# Do I look better as a blonde, or a redhead?



## ashley8119 (May 17, 2009)

Me (at age 16)










Me (at age 19)










I was blonde for years until I decided to try red when I was 18, I have been a redhead ever since. 

Should I keep the red, or go back to blonde?


----------



## sofie1507 (May 17, 2009)

i say blonde, esp the very first pic tht suits u a lot!very pretty


----------



## gildedangel (May 17, 2009)

I like both, but I am going to go with blonde.


----------



## Mabelle (May 17, 2009)

red head


----------



## Jessica0984 (May 17, 2009)

I like them both so I am going to give you a suggestion...Why not Strawberry Blonde? It is the best of both worlds. Since you have been coloring your hair red for so long it will be hell to remove.
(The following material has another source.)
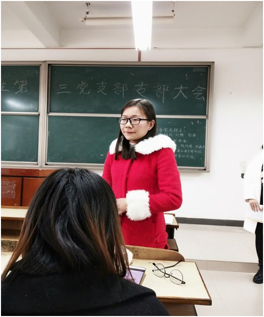 最后三名同学全票通过,同意按期转入中共正式党员。会上,单艳艳老师对新发展的正式党员提出了要求:作为共产党的一份子,要坚定信念、不断端正入党动机、树立良好的形象,在日常生活中和学习中要牢记自己的身份,争做表率,起到先锋模范作用,做事不能拈轻怕重,更不能只做表面工作,要诚实做人,认真做事。
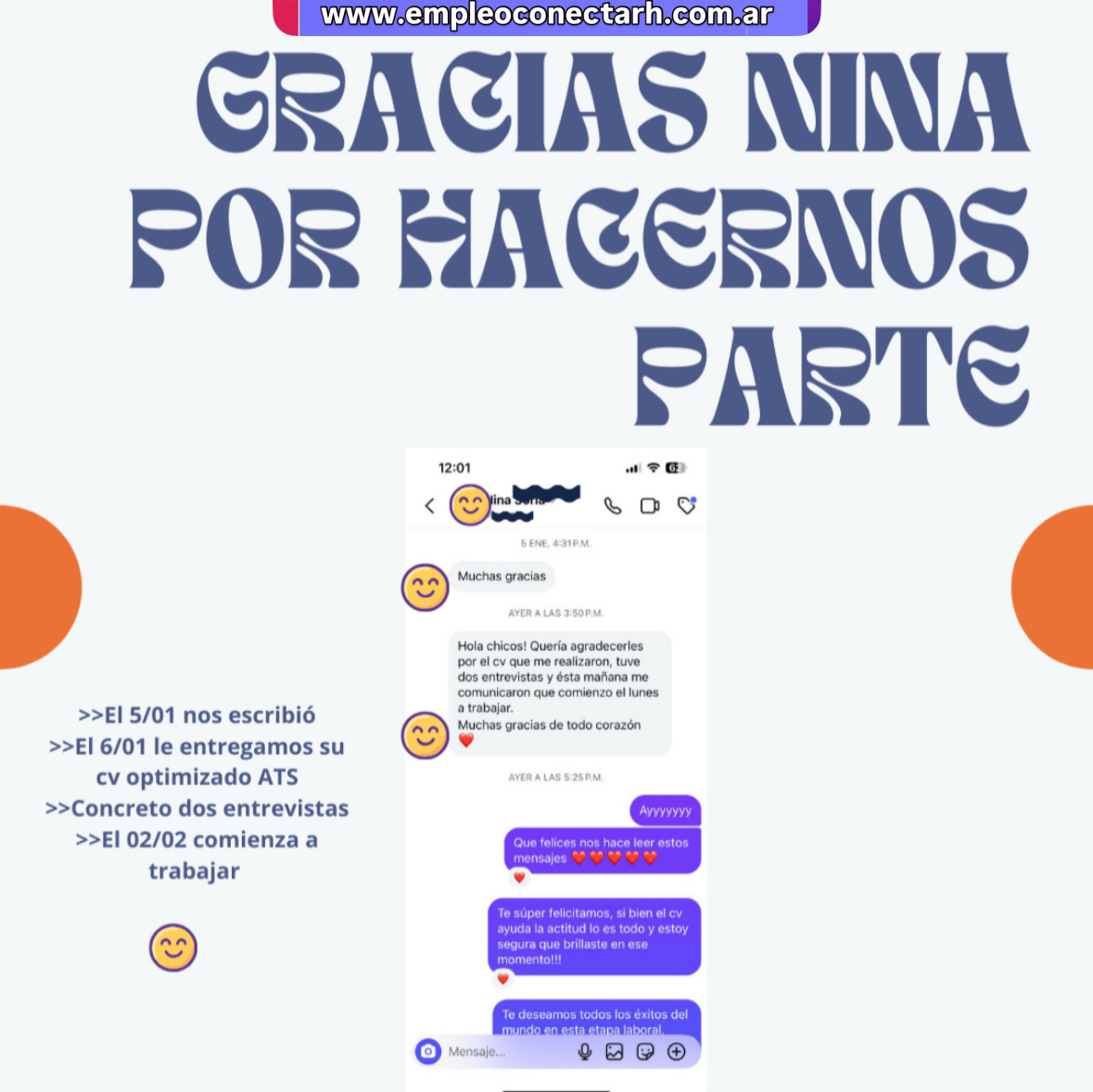 📩 Todo empezó con un mensaje real:“Mandé mi CV y no me llamaban”. Así llegó Nina a ConectaRH, con frustración, dudas y muchas ganas de cambiar su situación laboral. Desde la mirada profesional de la Lic. Mayra Padilla Segovia, entendimos de inmediato que el problema no era su experiencia, sino cómo estaba comunicando su perfil en el mercado laboral actual de San Juan. 🛠️ Optimización de CV profesional: el primer paso al empleo El 5 de enero Nina nos escribió. El 6/01 ya tenía su CV optimizado con formato ATS (Applicant Tracking System), clave para superar los filtros automáticos de las empresas y mejorar las oportunidades de entrevistas laborales. Desde ConectaRH trabajamos sobre: ✔️ Palabras clave del rubro✔️ Logros medibles y resultados concretos✔️ Diseño claro, moderno y profesional✔️ Habilidades blandas alineadas al puesto Como explica la Lic. Mayra Padilla, “un CV no es solo un documento: es una herramienta estratégica de posicionamiento laboral”. 💥 Resultados rápidos: entrevistas en pocos días Con su nuevo CV, Nina comenzó a recibir respuestas en menos de una semana. En pocos días concretó dos entrevistas laborales, algo que no lograba desde hacía meses. El cambio no fue casual: fue producto de una estrategia clara, ética y personalizada. 🎉 Nuevo trabajo en San Juan: objetivo cumplido El 2 de febrero, Nina comienza su nuevo empleo. Su mensaje nos emocionó: “Gracias por hacerme parte”. Para el equipo de ConectaRH y la Lic. Mayra Padilla Segovia, estas historias confirman que cuando una persona cuenta bien su valor profesional, las oportunidades aparecen. 🧠 Por qué esta historia importa Porque refleja lo que viven miles de personas en San Juan:➡️ Envían CVs y no reciben respuestas.➡️ Dudan de su perfil, cuando en realidad el problema es la forma de presentarlo. Como sostiene la Lic. Mayra Padilla: “Con orientación profesional, claridad y honestidad, el talento siempre encuentra su lugar”. 💡 Tips clave para que tu CV genere entrevistas laborales ✅ Adaptalo al puesto y al rubro✅ Incluí logros concretos y medibles✅ Usá formato ATS✅ Mostrá tus habilidades blandas✅ Transmití claridad, foco y motivación 📲 ¿Tu CV no está funcionando? Si estás en San Juan y sentís que tu currículum no genera entrevistas, escribinos. En ConectaRH, junto a la Lic. Mayra Padilla Segovia, acompañamos procesos laborales con ética, estrategia y compromiso humano. ✅ Conclusión La historia de Nina demuestra que no se trata de enviar más CVs, sino de enviar mejores CVs. Desde ConectaRH creemos —y lo comprobamos todos los días— que cuando una persona aprende a comunicar su valor con claridad y honestidad, el mercado responde. Y ahí, el trabajo deja de ser una búsqueda frustrante para convertirse en una oportunidad real.

It may take you many stages to get back to blonde.


----------



## fuzz (May 17, 2009)

I think blonde


----------



## fadedillusions (May 17, 2009)

blonde


----------



## BBJay (May 17, 2009)

I definitely say redhead.


----------



## browneyedbaby (May 17, 2009)

Definately 100% redhead!! It's gorgeous with your skin tone.


----------



## Babylard (May 17, 2009)

red might turn orange if you go back to blonde and fry your hair... but i'd say try brunette next lol


----------



## ms.marymac (May 17, 2009)

Quote:

   Originally Posted by *BBJay* 

 
_I definitely say redhead._

 
Absolutely.  The blond looks pretty, but the red really stands out!


----------



## laraVENGEANCE (May 17, 2009)

i say blonde


----------



## disconlemonade (May 17, 2009)

Redhead def


----------



## TISH1124 (May 17, 2009)

redhead


----------



## CosmePro (May 17, 2009)

Lovin the RED!


----------



## Makeup Emporium (May 17, 2009)

redhead!


----------



## NatalieMT (May 17, 2009)

I'd stick with the red, I think it's a lot more striking and stand out. I like the suggestion try brunette if you fancy a change.


----------



## winkietoe (May 17, 2009)

Im loving the red on you


----------



## claralikesguts (May 17, 2009)

red! even though you didn't include it, a dark chocolatey brown would look SO hot.


----------



## enjoybeingagirl (May 17, 2009)

you look beautiful as a redhead


----------



## nursee81 (May 17, 2009)

blonde


----------



## glassy girl (May 17, 2009)

U look beautifull both but Red is hottt


----------



## Shimmer (May 17, 2009)

Redhead.


----------



## LeeleeBell (May 17, 2009)

I love how the red looks in the first pic, WOW! I love that color. The second pic it looks a bit too much (more pink in it?)...so I would stay with red but maybe tone it down one shade. Your face/eyes/coloring are made for red!


----------



## little teaser (May 17, 2009)

Blonde


----------



## User38 (May 17, 2009)

Red imo.. it is striking and makes you look more unique


----------



## Boneshaker (May 17, 2009)

I have to say red.


----------



## Dreamergirl3 (May 18, 2009)

red, definitely!!!


----------



## Susanne (May 18, 2009)

I really like you blonde.


----------



## Holy Rapture (May 18, 2009)

Not an option, but I'd like to suggest Brunette


----------



## SparklingWaves (May 18, 2009)

delete


----------



## Hikaru-chan (May 18, 2009)

Redhead.


----------



## Cinci (May 18, 2009)

I agree that going blonde will be difficult without looking brassy.   I think a dark chocolate brown would be nice.. especially with all that hair!


----------



## ashley8119 (May 19, 2009)

Thank you all so much for your input, I really appreciate it!! I have been hearing a lot of opinions from friends like "I miss seeing you as a blonde!" and "You should definitely keep that red, you look so striking and it's gorgeous!" so they have been mixed opinions lately, so I just thought I would ask on here. I liked the blonde because I felt more young/sexy with it, but I was never taken seriously by anyone. I like the red because I think I look more unique, people take me seriously, and I don't have to wear layers of too dark foundation and bronzer in order to look 'tan'. I can finally embrace my natural skintone with the red hair! 

Thanks again!


----------